Repeat only the stretch of lines below that runs from the line with "док.25: Письмо Керра" through the line with "Дом оборудован двумя", unaltered.

== Records to use

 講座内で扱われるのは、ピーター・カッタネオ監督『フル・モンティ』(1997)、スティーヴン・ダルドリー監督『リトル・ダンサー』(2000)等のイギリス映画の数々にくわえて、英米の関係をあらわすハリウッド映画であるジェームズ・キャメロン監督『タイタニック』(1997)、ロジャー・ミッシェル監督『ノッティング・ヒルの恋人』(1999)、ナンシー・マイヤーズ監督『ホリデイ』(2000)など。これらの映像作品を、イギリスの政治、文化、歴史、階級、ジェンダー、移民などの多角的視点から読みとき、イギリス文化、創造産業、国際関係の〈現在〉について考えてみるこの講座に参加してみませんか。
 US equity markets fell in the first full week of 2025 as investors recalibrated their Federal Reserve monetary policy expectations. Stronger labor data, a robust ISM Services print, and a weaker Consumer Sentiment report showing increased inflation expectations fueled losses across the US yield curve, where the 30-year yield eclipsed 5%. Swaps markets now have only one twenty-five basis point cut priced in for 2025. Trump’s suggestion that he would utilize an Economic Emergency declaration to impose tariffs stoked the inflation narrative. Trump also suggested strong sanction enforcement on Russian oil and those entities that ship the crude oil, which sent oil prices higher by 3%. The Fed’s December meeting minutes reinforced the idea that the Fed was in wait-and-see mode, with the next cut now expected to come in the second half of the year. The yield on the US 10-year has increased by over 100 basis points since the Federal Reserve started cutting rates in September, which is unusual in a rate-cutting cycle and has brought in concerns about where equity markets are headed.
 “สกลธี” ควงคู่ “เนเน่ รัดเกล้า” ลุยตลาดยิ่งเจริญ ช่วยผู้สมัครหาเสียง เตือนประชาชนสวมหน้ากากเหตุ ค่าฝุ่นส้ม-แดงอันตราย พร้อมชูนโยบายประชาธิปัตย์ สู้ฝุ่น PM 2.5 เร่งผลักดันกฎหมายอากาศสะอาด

====
== Records to use

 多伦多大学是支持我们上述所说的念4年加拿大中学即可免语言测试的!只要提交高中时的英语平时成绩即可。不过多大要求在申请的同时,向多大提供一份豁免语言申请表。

====
== Records to use

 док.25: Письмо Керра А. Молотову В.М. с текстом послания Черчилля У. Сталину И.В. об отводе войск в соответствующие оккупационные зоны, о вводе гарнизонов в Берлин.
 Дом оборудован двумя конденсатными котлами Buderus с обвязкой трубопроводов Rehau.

====

Result =>
 док.25: Письмо Керра А. Молотову В.М. с текстом послания Черчилля У. Сталину И.В. об отводе войск в соответствующие оккупационные зоны, о вводе гарнизонов в Берлин.
 Дом оборудован двумя конденсатными котлами Buderus с обвязкой трубопроводов Rehau.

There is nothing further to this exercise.